To be honest, I am less than thrilled with my equipment as is. I despise my zooms (the only lenses I like are my SMC M 50mm f/2s), and the K100D body is not exactly a joy to use for an advanced amateur. It's a great and capable camera, it just is irritating to use. I was thinking about selling my gear for a used K10D (which would really just be an indulgence for me, since it's less irritating to use) and some sharp half decent lenses (FA 35mm f/2 and FA 50mmn f/1.4 topped the short list). What I realized was that this constituted starting completely over, albeit within the same system. It's really not more or less expensive to do the same thing and move to another system.

I am a student, but I am not in abject poverty (and, unfortunately, my "big returns" aren't $10,000 of dividends from my trust find, but a $250 tax return). Photography is one of my passions, and I have put some money together to make this move. It's not because I "want to look pro" or because I feel pressure from the Canikon factions. I just want ot know that if I invest in lenses, the company will still be making cameras for me to put them on in twenty years. When I finish school and take a job, I'd like to be able to buy a "luxury" camera like a D700, not because I'll need it (at least, probably not), but because I'd like one. I'd like to entertain the possibility of owning some top-end cameras in my future. Pentax has shown nothing but contempt for the top of the market, and isn't even investing in technologies like full frame that are drastically altering the landscape at the top.

I know "pros" shoot Pentax. It just really doesn't make that much difference to me. To be honest, I think the "pro worship" in photography is ridiculous. There are many hobbyist photographers on this site who produce better work in their spare time than some photographers who make a living from photography. I want to invest in lenses that I believe will still be relevant to me in ten years, and Pentax doesn't fill me with confidence.

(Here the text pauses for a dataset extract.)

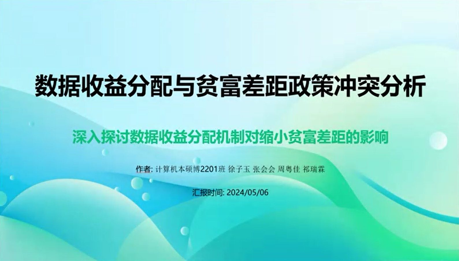 計算機專業(yè)的同學(xué)們同樣通過視頻的形式為大家?guī)硭麄兊姆窒怼_@一小組聚焦了一個前沿且極具社會意義的主題——數(shù)據(jù)收益分配與貧富差距政策沖突分析,深入探討了數(shù)據(jù)收益分配的現(xiàn)狀及其背后的機制。他們利用大數(shù)據(jù)分析和機器學(xué)習(xí)技術(shù),揭示了數(shù)據(jù)收益在不同群體之間的分配情況,并指出,在追求數(shù)據(jù)收益最大化的同時,往往會導(dǎo)致貧富差距的進一步拉大。這是因為數(shù)據(jù)資源的占有和使用往往是不平等的,而這種不平等又加劇了經(jīng)濟和社會的不平等。因此,如何平衡數(shù)據(jù)收益與貧富差距之間的關(guān)系,成為了一個亟待解決的問題。通過本次小組展示,計算機專業(yè)的同學(xué)們希望能夠引起大家對數(shù)據(jù)收益分配問題的關(guān)注,并激發(fā)更多人思考如何在數(shù)字化時代實現(xiàn)更加公平和可持續(xù)的發(fā)展。

To put it succinctly, I don't trust Pentax enough to invest in their system. I've watched them drop the ball too many times.


----------



## Mike_E (Jan 9, 2009)

You'll like the D200.  Look into getting some Non-AI primes and do the AI-ing yourself.  With a little patience you can get some great glass for a lot less.  (you'll probably want a Katz-eye focusing screen but that's a different story)

I check pawn shops quite often and find Old Nikon glass a lot.  My last find was a Nikon 24mm NC for $10.  Really. I found a 28mm f/2.8 for $30, a 135mm f/2.8 for $15.  (I'm still looking for a 50mm f/1.2 that's 'a deal'  )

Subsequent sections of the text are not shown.